During our two most recent fiscal years and through the date of termination, there were no disagreements with Andersen on any matter of accounting principles or practices, financial statement disclosure, or auditing scope or procedure which, if not resolved to their satisfaction, would have caused them to make reference to the subject matter in connection with their report on our consolidated financial statements for such years; and there were no reportable events, as defined in Item 304(a)(1)(v) of Regulation S-K.
Following a thorough evaluation process, and on the recommendation of its Audit Committee, the Board of Directors has appointed Ernst & Young LLP as our independent auditors.
During our two most recent fiscal years and through April 12, 2002, the date of the appointment, we did not consult Ernst & Young with respect to the application of accounting principles to a specified transaction, either completed or proposed, or the type of audit opinion that might be rendered on our consolidated financial statements, or any other matters or reportable events listed in Items 304(a)(2)(i) and (ii) of Regulation S-K.
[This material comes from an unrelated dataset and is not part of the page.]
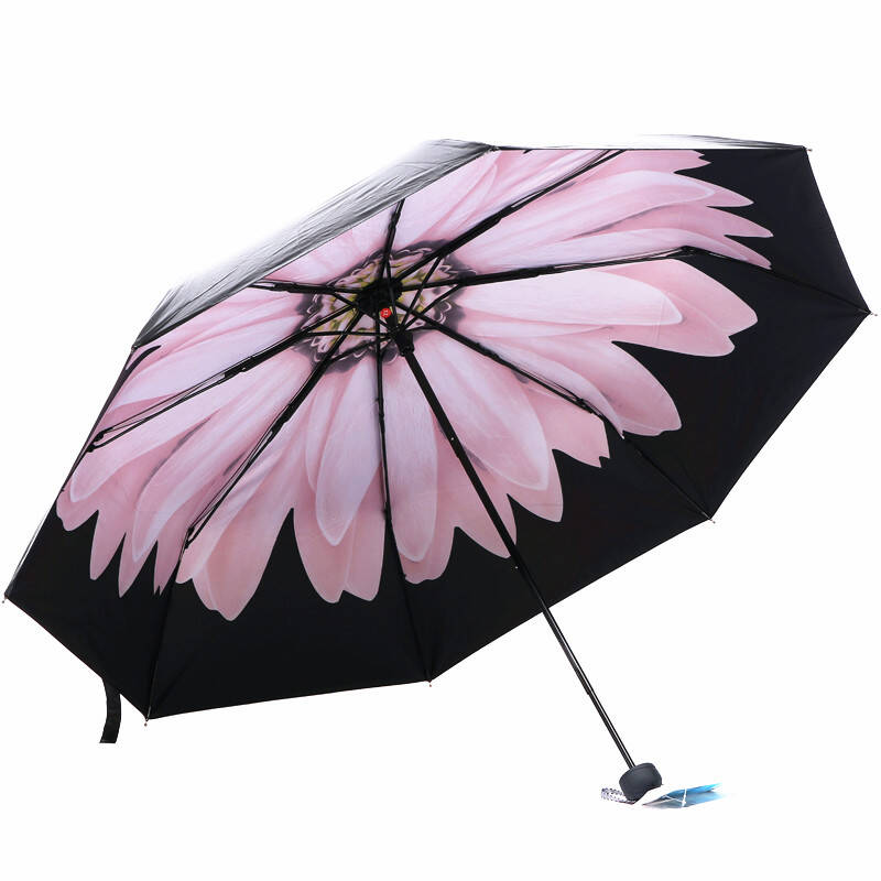 【京东超市】天堂伞 (UPF50+)全遮光黑胶三折小黑伞太阳伞晴雨伞31806E粉色

During our two most recent fiscal years there were no disagreements with Ernst & Young on any matter of accounting principles or practices, financial statement disclosure, or auditing scope or procedure which, if not resolved to their satisfaction, would have caused them to make reference to the subject matter in connection with their report on our consolidated financial statements for such years; and there were no reportable events, as defined in Item 304(a)(1)(v) of Regulation S-K.
83
PART III
Item 10.DIRECTORS AND EXECUTIVE OFFICERS OF THE REGISTRANT
We hereby incorporate by reference the information contained under the heading “Election of Directors—Certain Information Concerning the Nominees and Other Directors” and “Section 16(a) Beneficial Ownership Reporting Compliance” from our definitive Proxy Statement (the “2003 Proxy Statement”) to be delivered to the stockholders of NDCHealth in connection with the 2003 Annual Meeting of Stockholders to be held on October 23, 2003. Certain information relating to our executive officers appears under Item X in Part I of this Annual Report on Form 10-K.
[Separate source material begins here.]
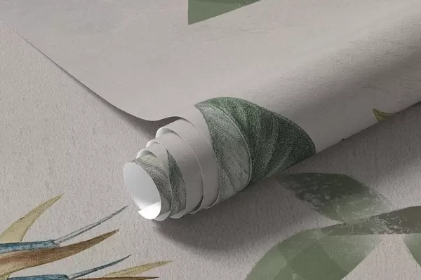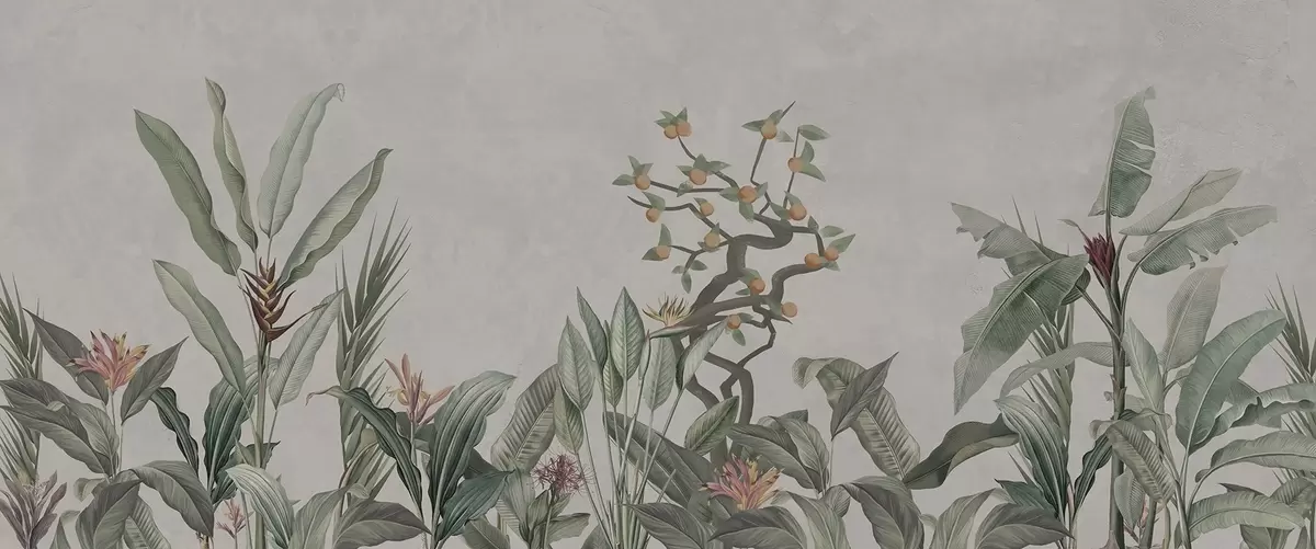 Zidne murale Tropska kompozicija s biljkama i drvećem na sivkastoj pozadini br. w04201v1

Item 11.EXECUTIVE COMPENSATION
We hereby incorporate by reference the information contained under the heading “Election of Directors—Compensation and Other Benefits” from the 2003 Proxy Statement. In no event shall the information contained in the 2003 Proxy Statement under the sections entitled “Stockholder Return Analysis” and “Report of the Compensation Committee” be included herein by this reference.
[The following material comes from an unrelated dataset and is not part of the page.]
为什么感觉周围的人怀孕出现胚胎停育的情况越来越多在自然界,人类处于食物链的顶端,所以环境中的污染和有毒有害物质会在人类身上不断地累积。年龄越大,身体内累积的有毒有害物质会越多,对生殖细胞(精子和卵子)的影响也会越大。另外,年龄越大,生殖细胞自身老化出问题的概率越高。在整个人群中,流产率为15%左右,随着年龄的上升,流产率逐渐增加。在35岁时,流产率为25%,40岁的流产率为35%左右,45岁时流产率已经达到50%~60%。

Item 12.SECURITY OWNERSHIP OF CERTAIN BENEFICIAL OWNERS AND MANAGEMENT
We hereby incorporate by reference the information contained under the headings “Election of Directors—Common Stock Ownership of Management” and “—Common Stock Ownership by Certain Other Persons” from the 2003 Proxy Statement.
Item 13.CERTAIN RELATIONSHIPS AND RELATED TRANSACTIONS
We hereby incorporate by reference the information contained under the headings “Transactions with Related Parties” and “Compensation Committee Interlocks and Insider Participation” from the 2003 Proxy Statement.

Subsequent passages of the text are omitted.